August 7, 2008—Healthcare products supplier Covidien introduced an RFID-based system designed to make CT ("cat") scan procedures safer for patients and more convenient for radiology technicians. Most patients receive separate injections of saline and a contrast media fluid prior to a CT scan to improve the CT image. Machines are often used to give the injections, but patients are at risk of the wrong substance being injected, or being injected with air because empty syringes were used. Covidien Imaging Solutions is trying to prevent these errors by offering an option to its OptiVantage DH injector that uses RFID to validate syringe contents prior to injection.

"Typically there has been a lot of manual intervention needed to make sure syringes were loaded and verified so the patient received the proper injection," Jeff Lockwood, Covidien Imaging Solutions' director of marketing, told RFID Update.

Covidien Imaging Solutions provides injection machines and contrast media, but not imaging equipment. It packages contrast media and saline into disposable, single-use syringes that can be loaded directly into its injection machines. The syringes are now available with all pertinent information printed on the label and encoded into an embedded 13.56 MHz passive RFID tag. The tag is encoded with the type of product (contrast media or saline), dosage, lot number and expiration date.

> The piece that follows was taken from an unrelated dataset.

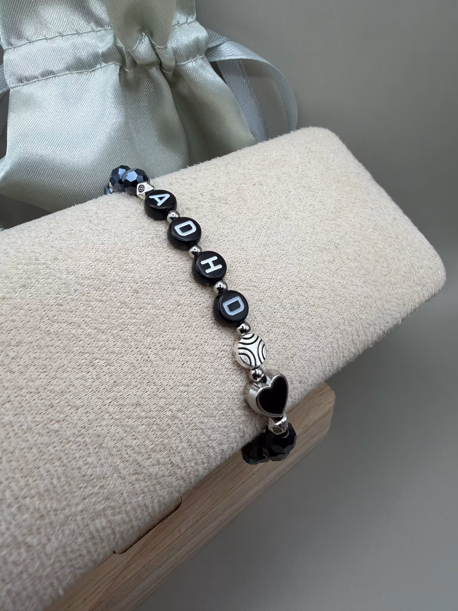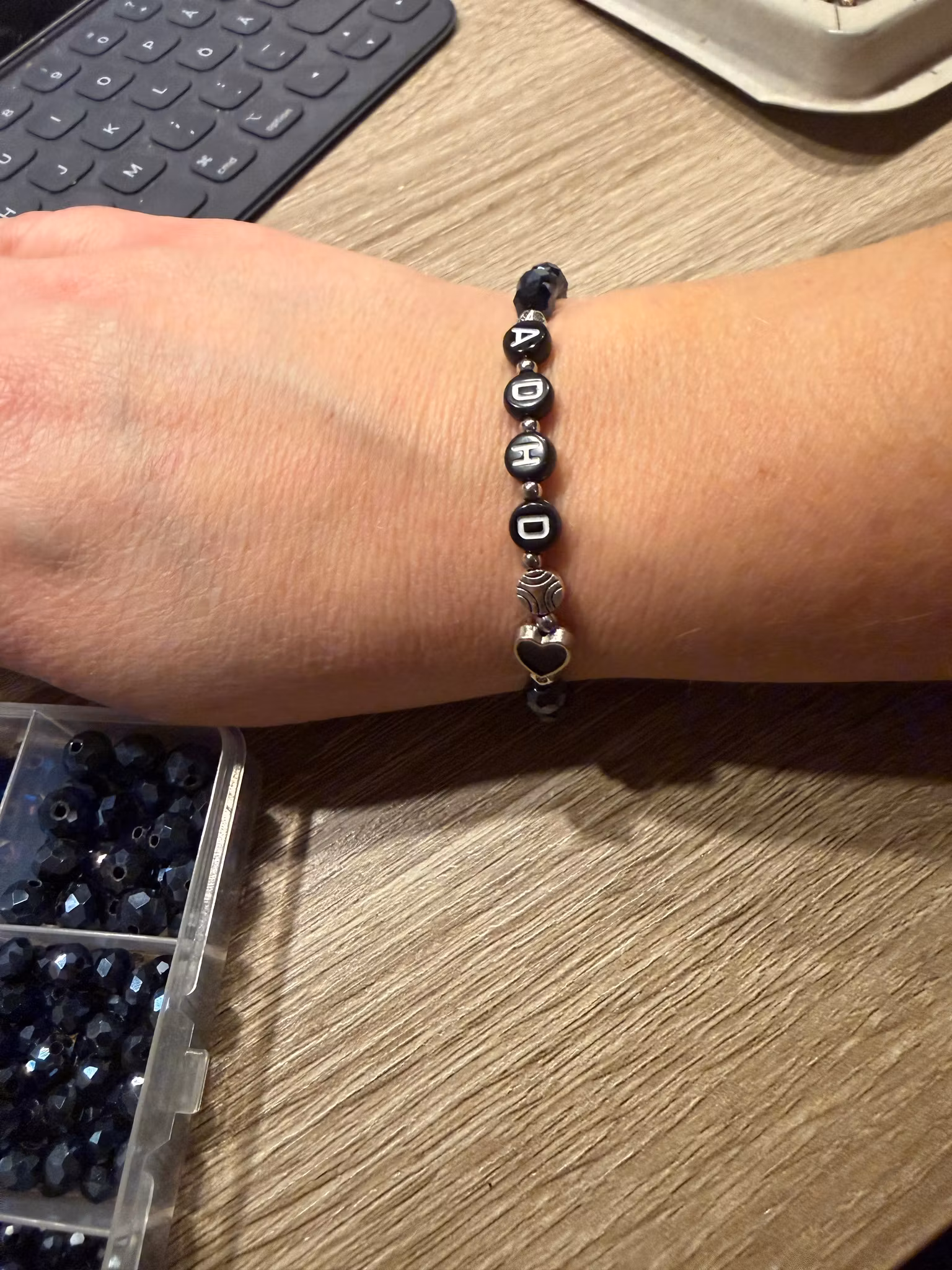 Armband med budskapet ADHD – midnattsblå spegelblanka glaskristallpärlor varvade med små silverfärgade distanser och ett hjärta.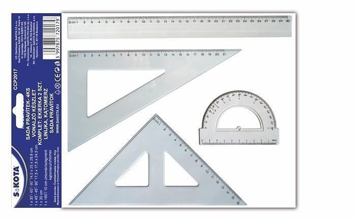 Sada pravítek, plastové, 4 ks, SAKOTA

There is no change for radiology technician procedures. Technicians use a touchscreen on the injection machine to input patient information and configure the machine for a specific procedure, then load two syringes, one filled with contrast media, the other with saline. At that point an RFID reader/encoder integrated into the injector reads the syringe labels and validates whether the products and dosages are correct for the procedure. The system also detects expired product or empty syringes, and stops the procedure until they are replaced.

CCL Label produces the syringe labels for Covidien using RFID inlays from Texas Instruments. TI also provided the components Covidien used to create the reader/encoder embedded in its injector.

Following a successful injection, the reader/encoder overwrites the tags on the syringes to indicate they were used. That prevents empty syringes that are accidentally left in the injector from being reused, which can result in an injection of air that can cause a fatal embolism.

"Air injections occur far too often. Even one is too many," said Lockwood. "Radiology is not immune from medication errors."

A 2005 analysis by U.S. Pharmacopeia found 2,032 radiology errors reached patients. U.S. Pharmacopeia is a non-governmental, non-profit agency that collects healthcare safety data and develops standards to improve patient safety and quality of care.

The system automatically captures the patient ID and setup information entered by the radiology technician and combines it with the data from the RFID reads to create a complete record. A small mobile printer automatically creates a receipt-style label that can be added to the patient chart. The automatic data capture and printing eliminate the need for technicians to manually record procedure codes and activity records.

RFID-enabled OptiVantage DH injectors are currently operating in about nine U.S. healthcare facilities, according to Lockwood. The company announced general availability of the system to U.S. customers this week. Lockwood said Covidien plans to offer the system internationally and may integrate RFID technology with other products.

RFID is currently used to ensure the correct orthopedic implants are delivered for surgeries (see RFID Yields Quick ROI for Orthopedic Products Maker and RFID Ensures Surgeons Have No Bones to Pick with Supplier) and for some automated medication dispensing, but this is believed to be the first system for radiology processes.